St. Lucie County’s Veterans Court represents a non-traditional approach to criminal offenders who have served both during peace and wartime. Since its inception on Aug. 8, 2014, Circuit Judge Robert E. Belanger has helped to reduce criminal recidivism and lower incarceration costs by keeping veterans who have committed non-violent crimes out of jail. Rather than focusing only on the crimes they commit and the punishments they receive, Veterans Court also attempts to solve some of the participants' underlying health, substance abuse and psychosocial problems.
The Veterans Court is eligible to anyone who served honorably in the U.S. Armed Forces, has been charged with a crime appropriate to the court, and resides in the 19th Judicial Circuit. Admission to Veterans Court is not automatic. Veterans must seek entry into the program.
Modeled after other successful national programs, the Veterans Court is building upon a collaborative effort between the 19th Judicial Circuit Court, the State Attorney’s Office, the Public Defender’s Office, the U.S. Department of Veterans Affairs, St. Lucie County Veterans Services Office and other community partners.
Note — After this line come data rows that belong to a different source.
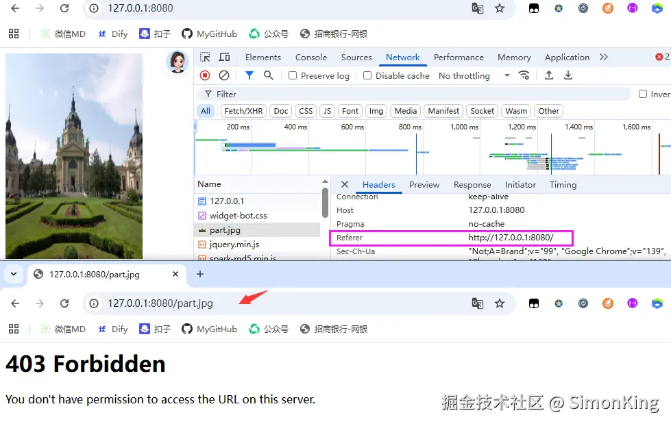 Referer字段表示这个请求是从哪个页面发起的。- 如果一张图片应该只在
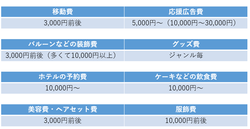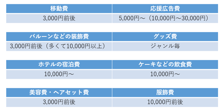 荷物が多くなる誕生祭ではスーツケースでの移動が多く、ホテルまでの移動費もかかります。グッズに関しては二次元推しが特に支出が多く、数万円かけることも。このように消費行動には推しているコンテンツごとに傾向があります。
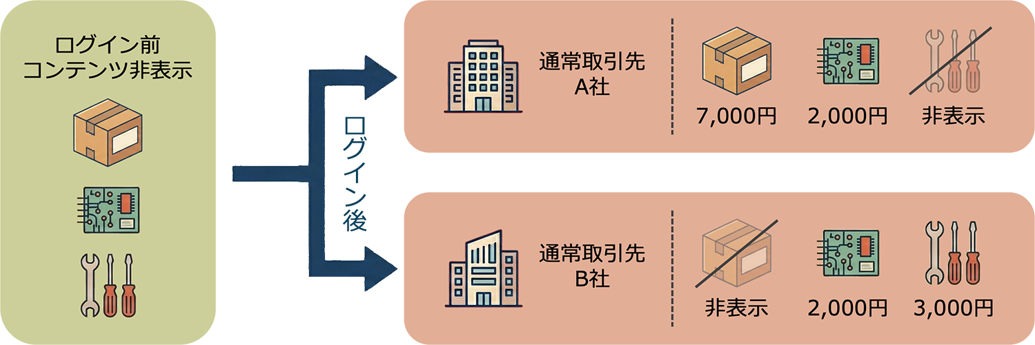 機能②販路設定:取引先ごとに見せる商品と買える条件を切り替える
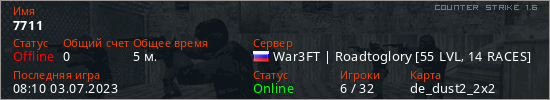 Последний раз был в сети 08:10 03.07.2023 Игрок с таким ником замечен на 3 серверах
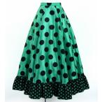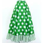フラメンコ フリル ロングサーキュラースカート 水玉 グリーン×ホワイト S-Lサイズ FS-4
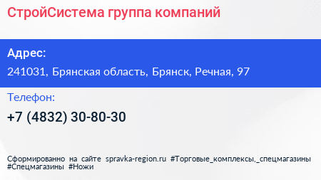 СтройСистема, группа компаний по адресу 241031, Брянская область, Брянск, Речная, 97 в дальнейшем Организация, размещена в следующих категориях:
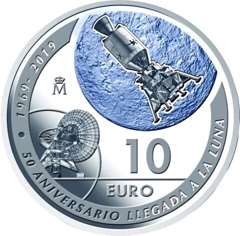 10 евро. Высадка на Луну 1969 Космос. Испания. 2019 год
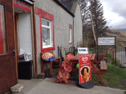 I got up late in Strathan bothy and set off to get over the hills to London Stores, a famous shop on this Trail. My boots and socks were covered in boggy water within two minutes. It was only three inches on the map but it took me until two thirty to get over to London Stores.
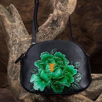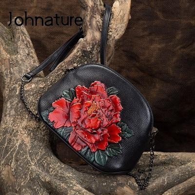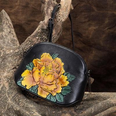 Shell Цепочка Сумка Женщины Плечо и кроссбоди Сумки Ретро Сладкая натуральная кожа Тисненый Цветочны

Veterans Court is also dependent on a non-adversarial courtroom atmosphere where a single judge, dedicated court staff, the treatment team, and the Mentors work together toward the common goals of breaking the cycle of substance abuse and criminal behavior, and addressing mental and physical health issues. An environment with clear and certain rules is created, and each participant's compliance is within his or her own control.
Recent studies have shown that too many former service members were having a hard time re-entering the civilian population for a number of reasons. Post-Traumatic Stress Disorder (PTSD), Injury, Disability, Substance Abuse or other Mental Health problems, compounded by the lack of jobs, family, housing issues, and other social obstacles have taken their toll on Veterans from many wars and conflicts.
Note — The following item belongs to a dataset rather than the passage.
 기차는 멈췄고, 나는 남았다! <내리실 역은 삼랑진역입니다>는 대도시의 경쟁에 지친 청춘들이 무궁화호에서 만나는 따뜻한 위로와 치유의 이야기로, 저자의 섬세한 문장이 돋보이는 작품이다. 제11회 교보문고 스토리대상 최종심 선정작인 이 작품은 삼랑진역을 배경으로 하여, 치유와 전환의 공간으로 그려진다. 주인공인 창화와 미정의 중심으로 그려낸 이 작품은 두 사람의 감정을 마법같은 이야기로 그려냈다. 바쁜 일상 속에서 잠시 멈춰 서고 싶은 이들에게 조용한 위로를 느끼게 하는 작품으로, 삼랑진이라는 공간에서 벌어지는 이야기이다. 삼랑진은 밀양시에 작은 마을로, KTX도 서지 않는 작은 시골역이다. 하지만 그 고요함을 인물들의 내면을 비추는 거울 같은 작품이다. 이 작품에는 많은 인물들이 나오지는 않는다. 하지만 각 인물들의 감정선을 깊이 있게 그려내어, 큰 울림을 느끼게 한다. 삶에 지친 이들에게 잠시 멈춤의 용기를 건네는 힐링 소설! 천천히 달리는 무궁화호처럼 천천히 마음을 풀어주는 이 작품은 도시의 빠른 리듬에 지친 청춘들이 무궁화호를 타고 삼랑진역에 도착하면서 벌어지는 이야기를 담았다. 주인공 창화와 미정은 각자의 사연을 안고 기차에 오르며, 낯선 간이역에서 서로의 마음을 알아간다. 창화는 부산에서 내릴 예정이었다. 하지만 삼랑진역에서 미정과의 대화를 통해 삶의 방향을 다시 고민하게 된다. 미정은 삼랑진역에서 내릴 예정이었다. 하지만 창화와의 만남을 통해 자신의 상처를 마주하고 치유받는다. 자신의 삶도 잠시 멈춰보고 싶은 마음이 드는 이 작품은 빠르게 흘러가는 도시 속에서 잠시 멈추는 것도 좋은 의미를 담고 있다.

St. Lucie County is not the only county facing these issues. Many counties within the United States were facing the same problem. Combat veterans who have had “run-ins” with the law or are struggling with addiction don’t need to end up in jail; they need counseling and assistance. The key to success in the Veterans Court program is the mentor. Each veteran in the program is assigned a mentor, another veteran, who is most of the time from the same branch of service or wartime era. That way the veteran is not alone. His or her mentor is there for them every step of the way. A strong bond is forged between the Mentor and the Veteran. Working together, nearly all veterans are able to successfully complete the mandated program and go back to their lives.
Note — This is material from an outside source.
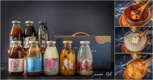 現場所有口味都可以試喝,有喜歡再買,目前總共有7款養生飲品,井裡月(銀耳)、黑瓊露(黑木耳)、五谷登科(堅果飲)、裸心(桂圓紅棗)、彤顏(薏仁)、紫相思(紫米紅豆)、夏雨(蜂蜜檸檬奇亞籽),名字都取得好有詩意,品牌主肯定是個浪漫骨子,全部喝一輪真的是難分軒輊,我個人最最最喜歡「井裡月」銀耳與「彤顏」薏仁,沒錯,都是愛漂亮系列❤❤❤

In recognizing that these are the men and women whom have placed their lives "in harm's way" to defend the United States of America, we owe them a second chance. Being referred to a Veterans Court, in most cases, will give them that second chance.
However, veterans are needed to serve as volunteer Mentors to assist veterans through the legal process, including appearing with them at their court dates or providing transportation to mandated drug screenings and/or counseling sessions.